分局的支队长从卷宗凌乱的桌面上拿起两个杯子,走到饮水机前还给谢共秋看了看杯底:“干净的哈。”
站在办公室中间的谢共秋手里还拿着新鲜出炉的尸检报告,他听见熬了一宿、胡子拉碴的老警察跟他“诉苦”
,脸上也没有太多的表情。
“三组四组的人都撒出去了,一组的组长去学习,五组的去了省里,现在哪个办公室都恨不得把一个人掰成两半用,你现在再休假——是,我知道你这几年没休息过,再说,按程序来说你是山海派来协助我们的,这假轮不到我们批。”
说到这里,支队长脸上也有了两分焦头烂额:“但你就不能再等等?你,你说你——”
茶杯递到谢共秋手里,前者顺便抽走他手里的报告,苦口婆心:“你这么着急干啥诶我的哥,我喊你声哥成不成,你再缓两天?就两天,不,三天,就三天行不行?”
谢共秋不说话,他穿的是去咖啡馆接花祈夏回家时的那身黑色风衣,肩上的绊带被人很有巧思地加了一枚飞鸟状的银钉。
在闷了一整个通宵后味道越发浑浊的办公室里,他像一道黑色的笔锋,静默地划开香烟与盒饭气味萦绕的空气。
支队长捏着的报告被“哗啦”
翻开,扉页轮廓鲜明的警徽在雪白的纸张上划过一道弧线,从谢共秋冷静的眼底一闪而过。
他沉默很久,还是点了头。
“可以。
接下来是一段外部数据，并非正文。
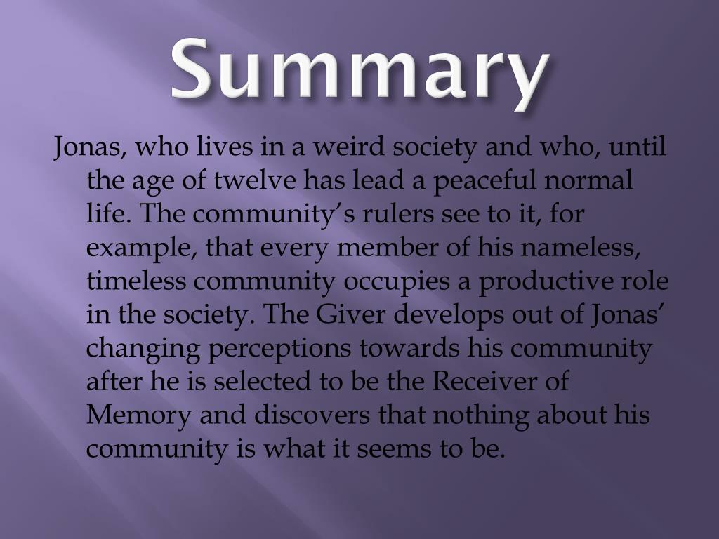 Summary Jonas, who lives in a weird society and who, until the age of twelve has lead a peaceful normal life. The community’s rulers see to it, for example, that every member of his nameless, timeless community occupies a productive role in the society. The Giver develops out of Jonas’ changing perceptions towards his community after he is selected to be the Receiver of Memory and discovers that nothing about his community is what it seems to be.

”
……
Y县和花祈夏的家有两个小时的时差,她和燕度的飞机落地时,手机上显示时间已经过了“9”
,但当燕度取了行李,他们一起走出机场时,外面的天空还是大亮的。
淡褐色的整片云幕将天空拉得很低,勾绕在花祈夏鼻腔中的空气已经隐隐干燥。
出口外大片宽阔的平地一直连通到远方的马路,更远的地方依稀看得见浅灰的不规则线条,不知是云层还是山峦,整齐高瘦的杨树在路对面向她们招手。
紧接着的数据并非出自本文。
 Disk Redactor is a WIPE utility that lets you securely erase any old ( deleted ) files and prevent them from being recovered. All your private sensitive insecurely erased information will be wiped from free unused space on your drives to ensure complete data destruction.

也许是在天空飞了太久,当视野中出现了与家里不同的景观和人时,花祈夏隐约感到脚底被地面烫得发热,双腿却有了落回大地的踏实感。
更重要的是,这里的一切对她而言都是前所未有的不熟悉,飞机上的休整令她此时精神饱满,但体内的生物钟却仍停留在过去的时刻,新奇与陌生仿佛两条带小钩的丝线,牵拉着花祈夏的头皮,使她“被动”
地亢奋着,又不可避免地产生一丝人生地不熟的胆怯——
“祈夏。”
但也不是只有陌生。
有人与她同行。
还是一个仿佛永远释放出可靠与踏实信号的人。
这时花祈夏才忽然感觉到,对于燕度的陪同,在“锦上添花”
之外,原来她内心深处是隐隐感激而庆幸的。